Data segment START
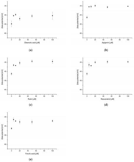 Zeta potential of PC liposomes in the presence of oleanolic acid (a), and oleanolic acid mixed with apigenin (b), rutin (c), resveratrol (d) and ferulic acid (e).
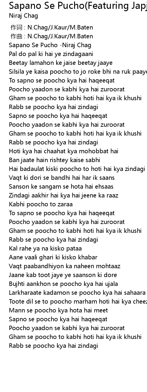 | [00:00.497] | Sapano Se Pucho -Niraj Chag |
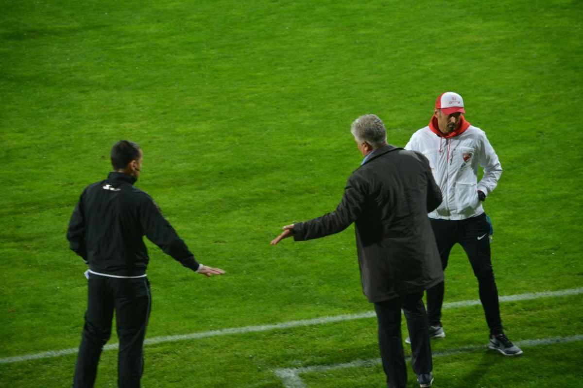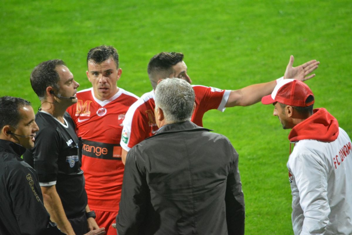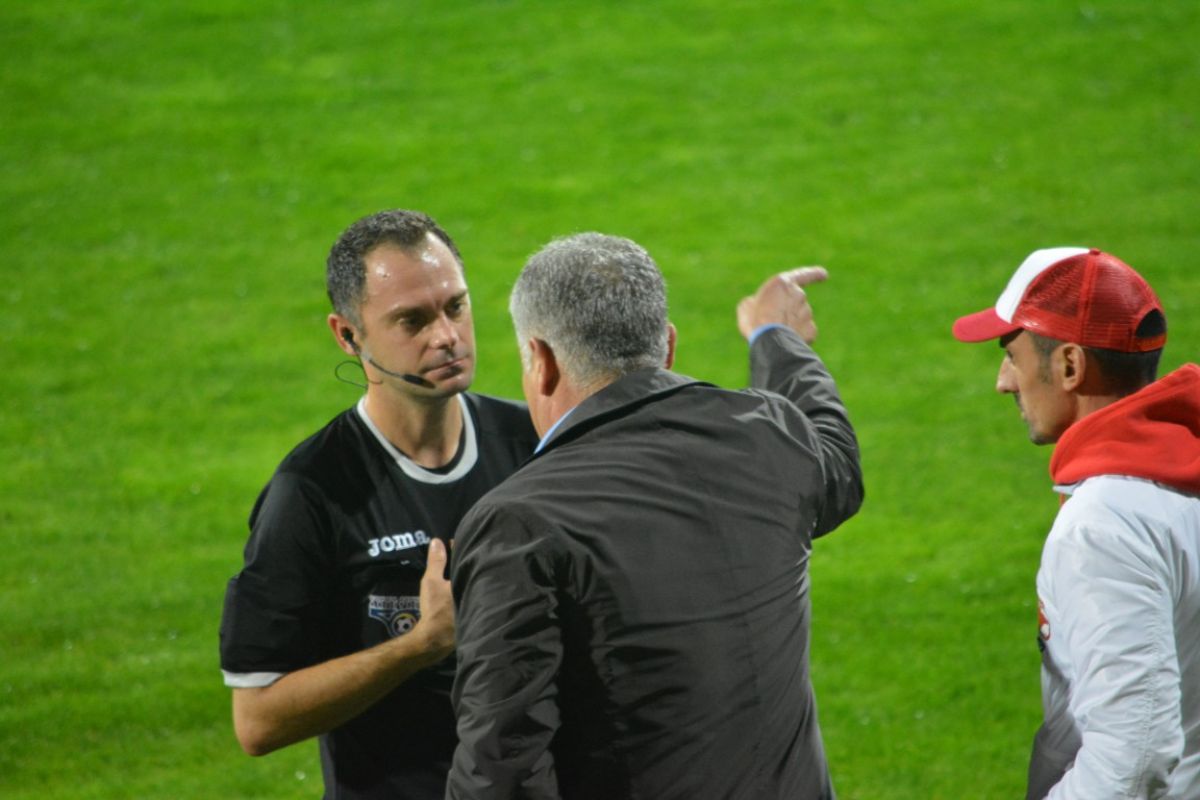 Antrenorul oaspeţilor şi-a pierdut cumpătul după prima jumătate de joc. Ioan Andone a protestat vehement după ce Steliano Filip a primit cartonaş galben.
Data segment END
What you return should match the material line for line, with the images removed.

 Zeta potential of PC liposomes in the presence of oleanolic acid (a), and oleanolic acid mixed with apigenin (b), rutin (c), resveratrol (d) and ferulic acid (e).
 | [00:00.497] | Sapano Se Pucho -Niraj Chag |
 Antrenorul oaspeţilor şi-a pierdut cumpătul după prima jumătate de joc. Ioan Andone a protestat vehement după ce Steliano Filip a primit cartonaş galben.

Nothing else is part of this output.